→ Saved data entries
####################
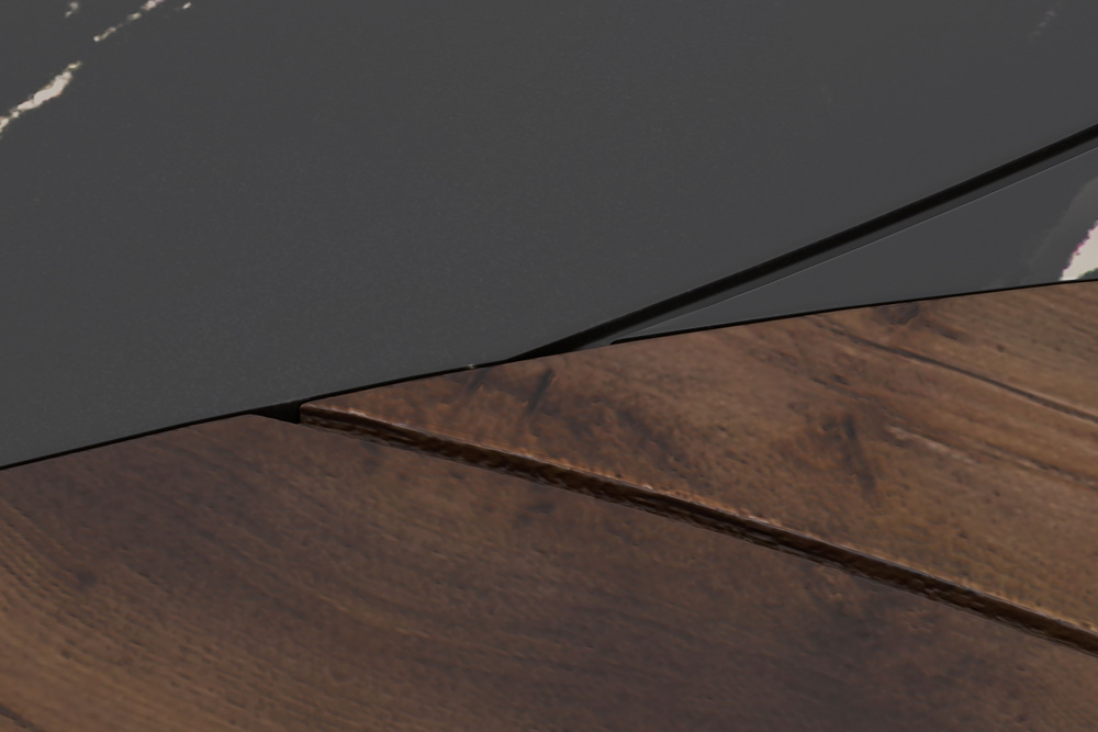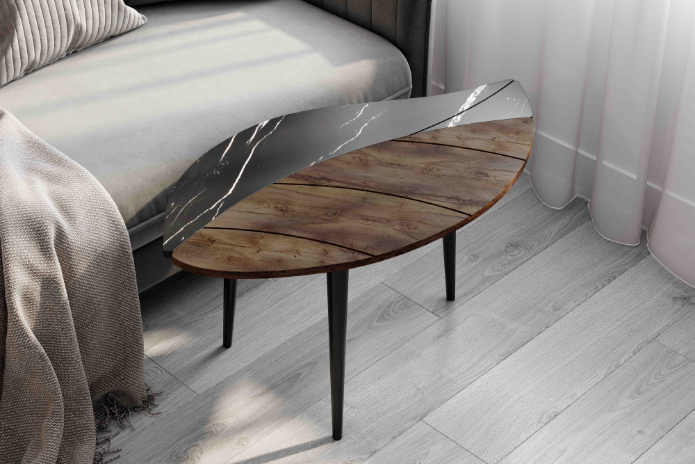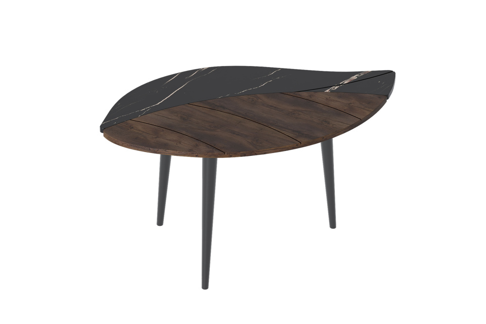Особенностью дизайнерского решения журнального стола №17 является оригинальное сочетание фигурных элементов столешницы в форме листа дерева. Опоры выполнены из дерева.
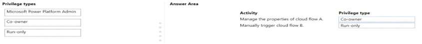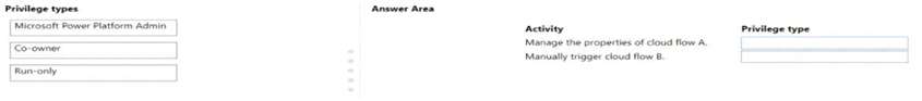 A company uses Power Automate. You manage two cloud flows named A and B. Users must perform the following activities:
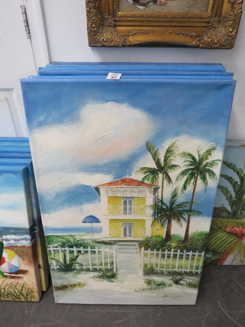 Unframed Oil On Canvas Beach House - 6
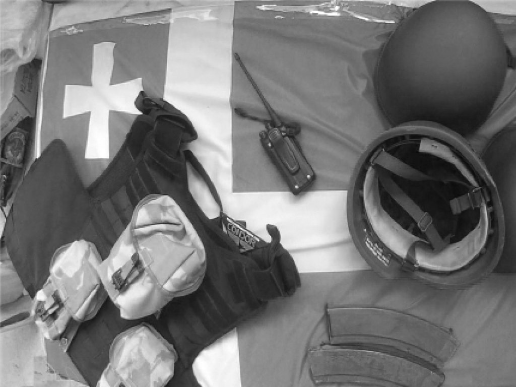 Бронежилети. Також кевларові. Досвід поточної кампанії свідчить, що більшість вбитих або поранених бійців постраждали не від кулі, а отримали ураження від уламків артилерійських снарядів. Кевлар дуже добре тримає такі уламки. Хорошими є польські бронежилети. Краще брати такі, що дозволяють розмістити на собі також і магазини для автомату (так звана система «Моллі»). Це створить додатковий захист для бійця та дозволить обійтися без розвантажувальної системи.
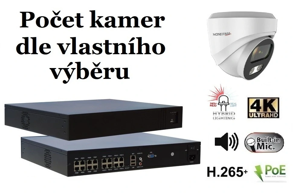 - Monitorrs Security AI hybrid light IP kamerový set 8 Mpix WDome (6481K8+)
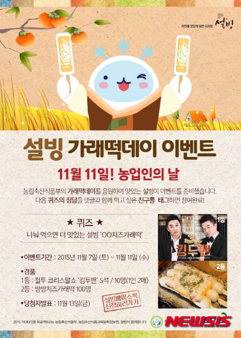 행사는 설빙 공식 페이스북(facebook.com/sulbing)에서 진행하며 '나눠 먹으면 더 맛있는 설빙 OO치즈가래떡'의 정답을 댓글과 함께 먹고 싶은 친구를 태깅하면 된다.
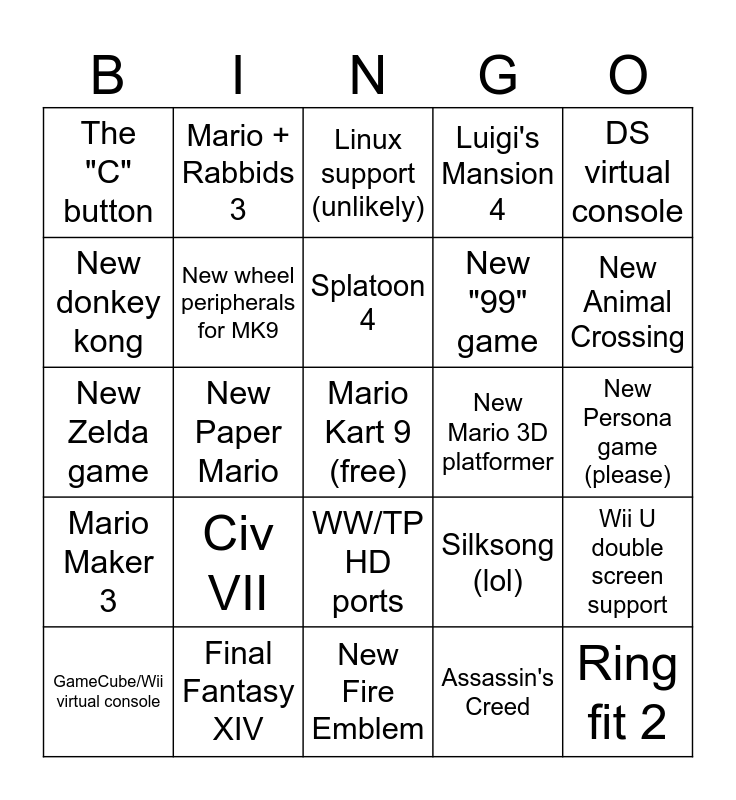 This bingo card has a free space and 24 words: Civ VII, Final Fantasy XIV, Splatoon 4, GameCube/Wii virtual console, DS virtual console, The "C" button, New donkey kong, Mario + Rabbids 3, New Mario 3D platformer, WW/TP HD ports, New "99" game, New Zelda game, Silksong (lol), Wii U double screen support, New wheel peripherals for MK9, Assassin's Creed, New Persona game (please), Linux support (unlikely), New Animal Crossing, New Paper Mario, Ring fit 2, Mario Maker 3, Luigi's Mansion 4 and New Fire Emblem.
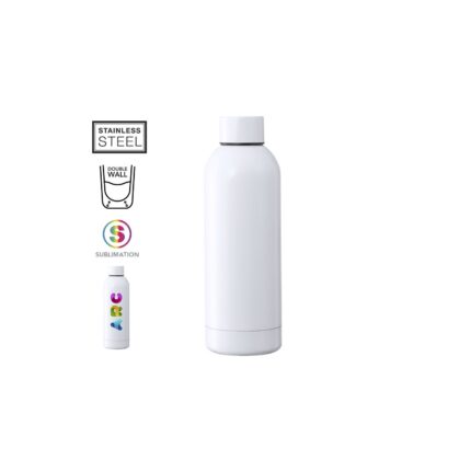 Bidón térmico de 500 ml de capacidad, fabricado en acero inox de doble pared y especialmente diseñado para marcaje en sublimación.
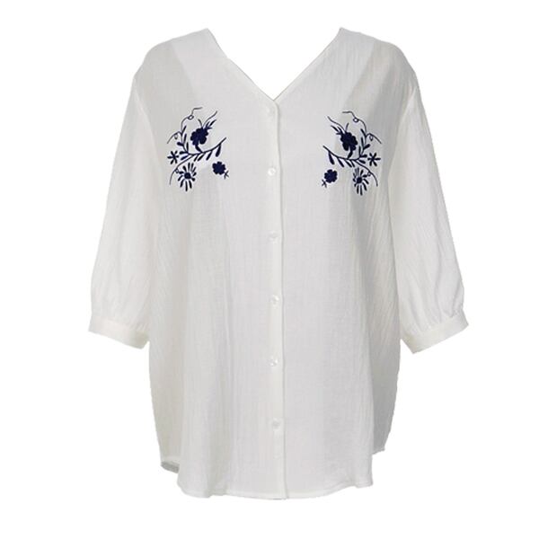 七分袖 ノーカラー Vネック 花刺繍ブラウス
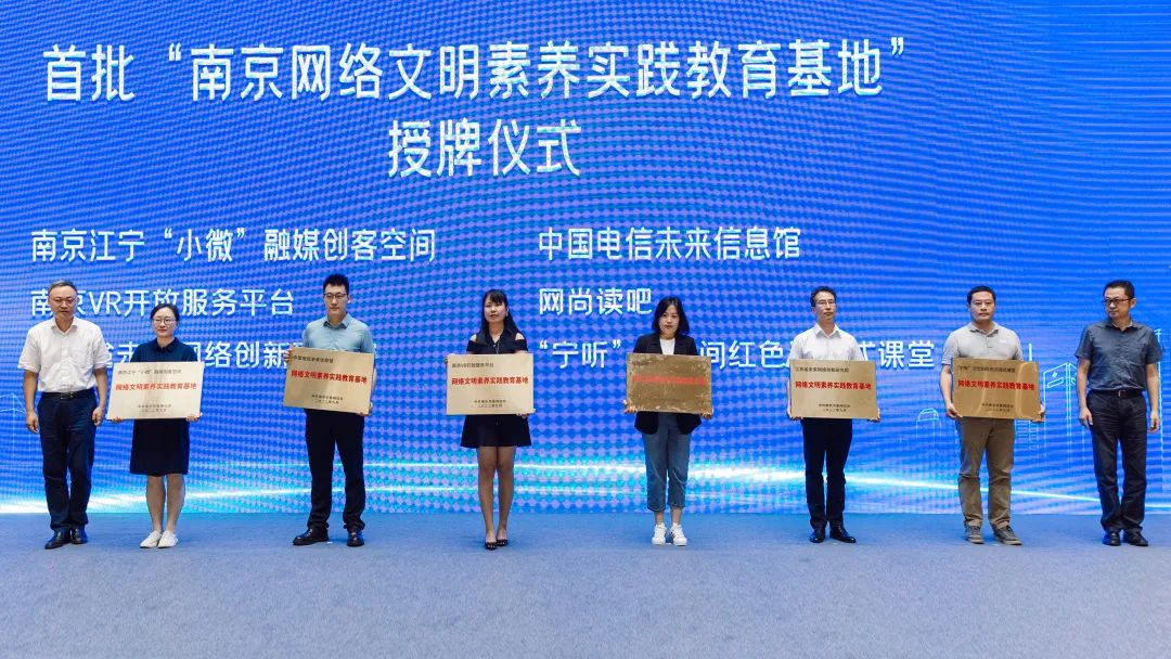 大会现场授牌首批“南京网络文明素养实践教育基地”。近年来,南京江宁“小微”融媒创客空间、中国电信未来信息馆、南京VR开放服务平台、网尚读吧、江苏省未来网络创新研究院、“宁听”云空间红色沉浸式课堂等线下基地,围绕网络文化、网络安全、网络普法、信息化发展等主题,开展形式多样、深入浅出、寓教于乐的线上线下教育活动,吸引不少市民尤其是青少年拍照、打卡,在潜移默化中接受网络素养教育,取得良好的社会反响。
####################
→ Activity
Write out every record exactly. Leave the pictures out.

→ Response for this exercise
Особенностью дизайнерского решения журнального стола №17 является оригинальное сочетание фигурных элементов столешницы в форме листа дерева. Опоры выполнены из дерева.
 A company uses Power Automate. You manage two cloud flows named A and B. Users must perform the following activities:
 Unframed Oil On Canvas Beach House - 6
 Бронежилети. Також кевларові. Досвід поточної кампанії свідчить, що більшість вбитих або поранених бійців постраждали не від кулі, а отримали ураження від уламків артилерійських снарядів. Кевлар дуже добре тримає такі уламки. Хорошими є польські бронежилети. Краще брати такі, що дозволяють розмістити на собі також і магазини для автомату (так звана система «Моллі»). Це створить додатковий захист для бійця та дозволить обійтися без розвантажувальної системи.
 - Monitorrs Security AI hybrid light IP kamerový set 8 Mpix WDome (6481K8+)
 행사는 설빙 공식 페이스북(facebook.com/sulbing)에서 진행하며 '나눠 먹으면 더 맛있는 설빙 OO치즈가래떡'의 정답을 댓글과 함께 먹고 싶은 친구를 태깅하면 된다.
 This bingo card has a free space and 24 words: Civ VII, Final Fantasy XIV, Splatoon 4, GameCube/Wii virtual console, DS virtual console, The "C" button, New donkey kong, Mario + Rabbids 3, New Mario 3D platformer, WW/TP HD ports, New "99" game, New Zelda game, Silksong (lol), Wii U double screen support, New wheel peripherals for MK9, Assassin's Creed, New Persona game (please), Linux support (unlikely), New Animal Crossing, New Paper Mario, Ring fit 2, Mario Maker 3, Luigi's Mansion 4 and New Fire Emblem.
 Bidón térmico de 500 ml de capacidad, fabricado en acero inox de doble pared y especialmente diseñado para marcaje en sublimación.
 七分袖 ノーカラー Vネック 花刺繍ブラウス
 大会现场授牌首批“南京网络文明素养实践教育基地”。近年来,南京江宁“小微”融媒创客空间、中国电信未来信息馆、南京VR开放服务平台、网尚读吧、江苏省未来网络创新研究院、“宁听”云空间红色沉浸式课堂等线下基地,围绕网络文化、网络安全、网络普法、信息化发展等主题,开展形式多样、深入浅出、寓教于乐的线上线下教育活动,吸引不少市民尤其是青少年拍照、打卡,在潜移默化中接受网络素养教育,取得良好的社会反响。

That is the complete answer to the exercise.